Взгляд его сияющих глаз переместился, словно против его воли, на ее шею и грудь. Она знала, что он хочет ее тела и мысленно уже сжимает ее в объятиях. Она желала его с не меньшей силой. Тот факт, что он бросал сладострастные взгляды и на Ампаро, лишь усиливал ее желание. Матиас поднялся из-за стола и жестом позвал Борса.
— Мы на бастионы, присмотреть за наемниками и ополченцами. В темноте у людей проявляются такие мысли, которые они держат при себе при свете дня.
С этими словами он ушел, оставив ее гадать, на что похоже прикосновение его рук.
В субботу он заехал, возвращаясь с разведки, сообщить, что авангард из трех тысяч турок, включающих и отряд янычаров, высадился в заливе Марсашлокк, в пяти милях южнее.
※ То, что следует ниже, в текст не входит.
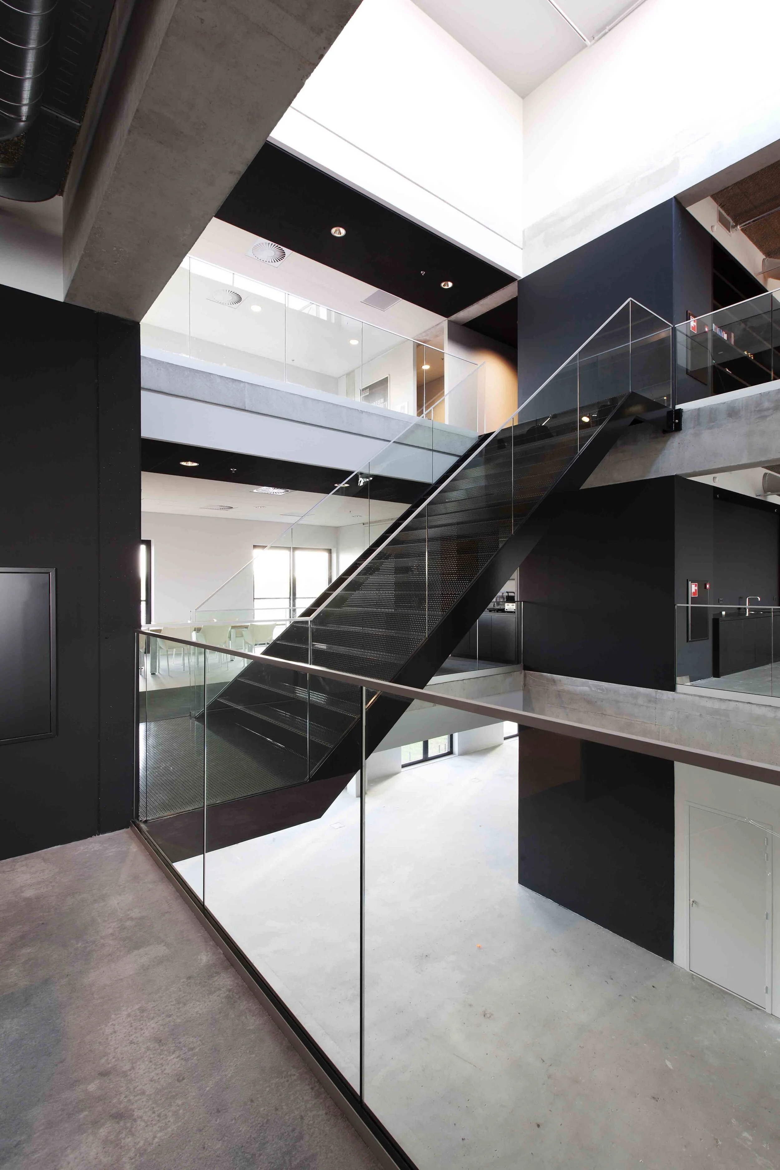 To take full advantage of the view of the dock, the facade facing the water is completely transparent. The large glass windows have been tilted towards the water, to avoid reflections of the glass – a principle also applied in the ship building industry, for the design of the wheelhouse. The south-facing facade is clad in wood, in composition resembling the old warehouses. Designed as an open plan office, with a large central open space, the arrangement of the interior enhances interaction between the users. Taking from the scale and robustness of its industrial predecessors, the new work environment responds to recent insights about creative practice.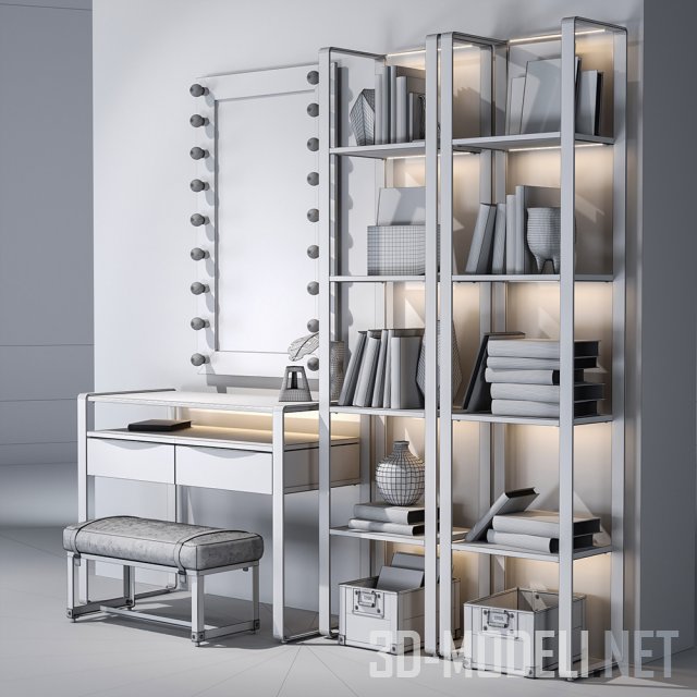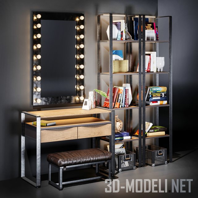 Современная мебель индивидуального производства для интерьера в стиле LOFT. В наборе консольный стол из светлого дерева на прямых металлических ножках (1190 x 550 x 920 см), прямоугольное зеркало (810 x 1310 см) с рядом лампочек по периметру рамы, два высоких металлических стеллажа размером 570 x 350 x 2300 см с декоративными предметами на полках и кожаная банкетка 820 x 410 x 420 см.

Они разграбили деревню Зейтун и окружили христианский патруль, которому удалось уйти, только потеряв нескольких рыцарей убитыми и пленными. В числе захваченных турками был Адриен де ла Ривьер, которому Карла предоставляла ночлег всего несколько месяцев назад. Когда она спросила, что с ним будет, Матиас ответил, что сначала его будут пытать мастера своего дела, а затем его задушат шнурком. В ту ночь Карла плохо спала. Ла Ривьер показался ей тогда таким несокрушимым в своей молодости и отваге. Она задумалась, что же она натворила, затащив своих товарищей в мир, полный опасностей и жестокости.
В воскресенье она вовсе не видела Матиаса.
К вечеру турецкий главнокомандующий, Мустафа-паша, высадился в заливе Марсашлокк с основной частью своей громадной армии. Они разбили лагерь на плоской местности рядом с Марсой, западнее Большой гавани. Карла узнала от Борса, что идут горячие споры из-за того, разумно ли отдавать туркам эту землю без сопротивления, но мнение Ла Валлетта, которого поддерживал Матиас, в тот день победило. Христиан было слишком мало, чтобы они могли вести сражение на открытом берегу. Лучше позволить туркам подойти к стенам. Когда стемнело, сторожевые костры авангарда янычаров загорелись рядом с деревушкой Заббар, в какой-то миле от стены среди округлых желтых холмов.
Все эти дни Ампаро мало говорила, задумчивым взглядом наблюдая за лихорадочной деятельностью вокруг и видя что-то, понятное только ей одной. Она принялась оживлять маленький садик позади дома, безрассудно растрачивая на цветы столь ценную воду. Но она рассуждала так: если всем людям суждено умереть — а она слышала, что люди делают это часто и регулярно, — тогда можно хотя бы оставить на память о себе что-нибудь красивое. Ее волшебное зеркало не показывало ничего в три первых дня в этом доме, словно окно в иные миры задернули занавеской, но Карла нисколько не жалела, потому что все предсказания наверняка были бы безрадостными. Они не музицировали вместе, казалось, что это будет неуместно среди общих мрачных настроений. Их инструменты лежали в комнате Карлы нераспакованные.